Tuesday’s performances were assertively Russian. Jurowski seated the orchestra as close to the rear wall of the Segerstrom stage as he could. He favored a dark, cavernous sound, supported by rich, chocolaty bass. He all but reveled in as much somber gloom as could be extracted from Brahms and Tchaikovsky, which is a great deal. Everything sounded burnished, soulful, important -- and distant.

The way Jurowski opened the Brahms, he might have been a maestro of old -- actually several maestros of old. At once, he achieved the dug-in character of Mravinsky, suggested the mystical aura of Furtwangler and hinted at the creamy blend of Karajan, even though the Russian players regularly laced sweetness with shots of vodka-like acid.

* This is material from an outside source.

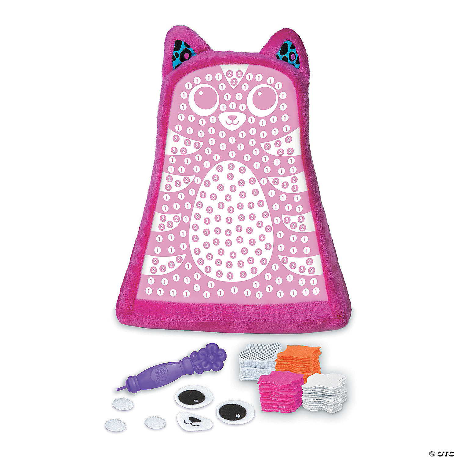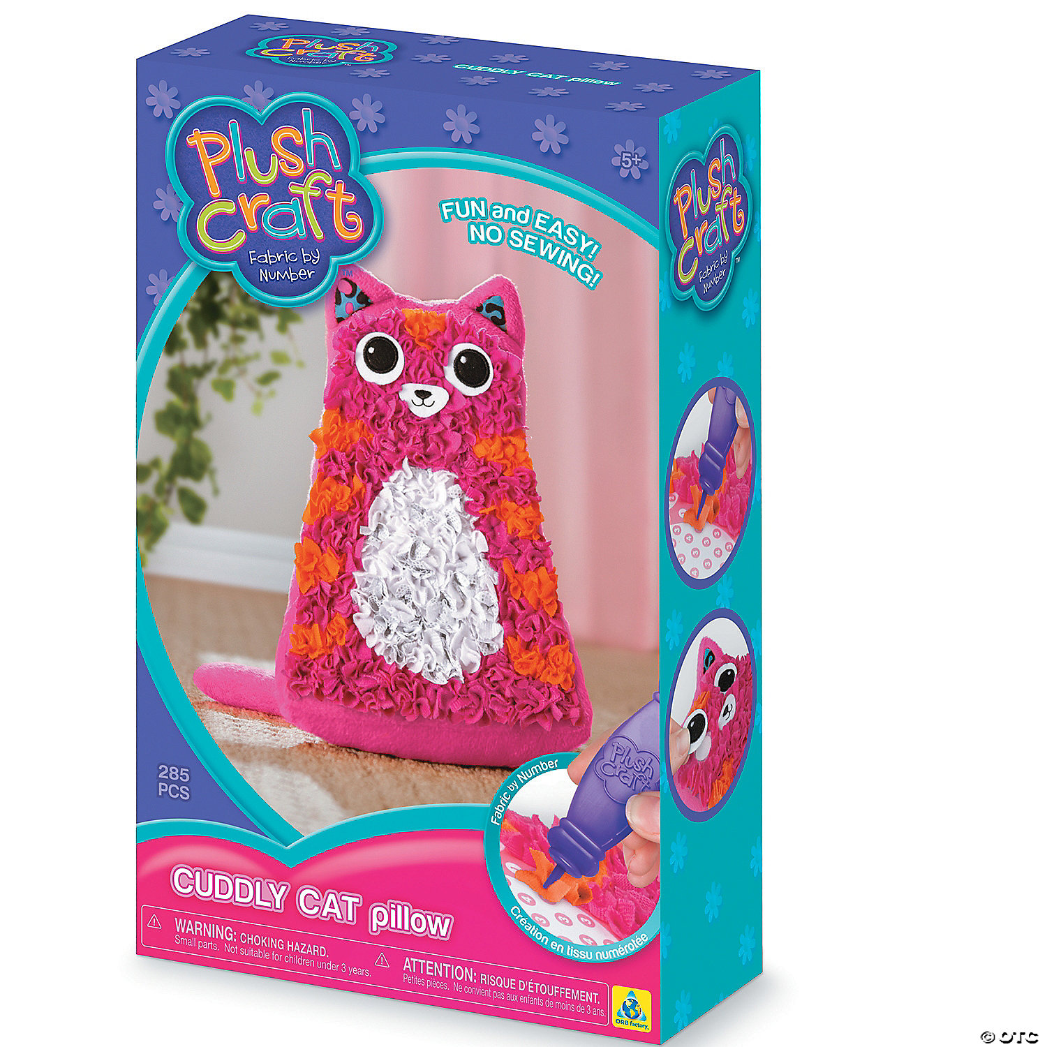 This no-sew pillow kit introduces kids to the world of crafting with a simple and safe project. Making this adorable cat pillow is easy: just match the fabric swatches to their corresponding numbers and use the PlushCraft stylus tool to push the fabric through pre-punched holes. Once the swatches have been secured, stick on embroidered decorations to complete the project. The end result is a cute, cuddly kitty pillow that kids can play with or display!• Create a cute, cuddly cat pillow• No sewing necessary• Easy-to-follow instructions• Teaches: a love for crafts, instruction following, creative thinking, concentration• Comes with: pillow, stylus tool, hundreds of cloth pieces, multiple additional accessories

Many figures of speech I might use to describe the concerto, and to some extent the symphony, require a mention of the opposite as well. Jurowski’s Brahms was boomy yet had a pinpoint sting. The 5/4 second movement of the Tchaikovsky was like a Russian bear waltzing -- a big, beautiful, cuddly creature who could, at any moment, bite your head off.

Among the evening’s curiosities was Jurowski’s choice of a British pianist with whom to tour. Hough’s approach is formal and well thought out. He is not a showman. He values clarity. He plays by the book.

Jurowski pushed him, and Hough did bang more than might have been expected. His playing was strong and sometimes luminous. But he seemed not particularly suited to this collaboration in either tone or temperament. The slow movement, Bachian and spiritual, worked best.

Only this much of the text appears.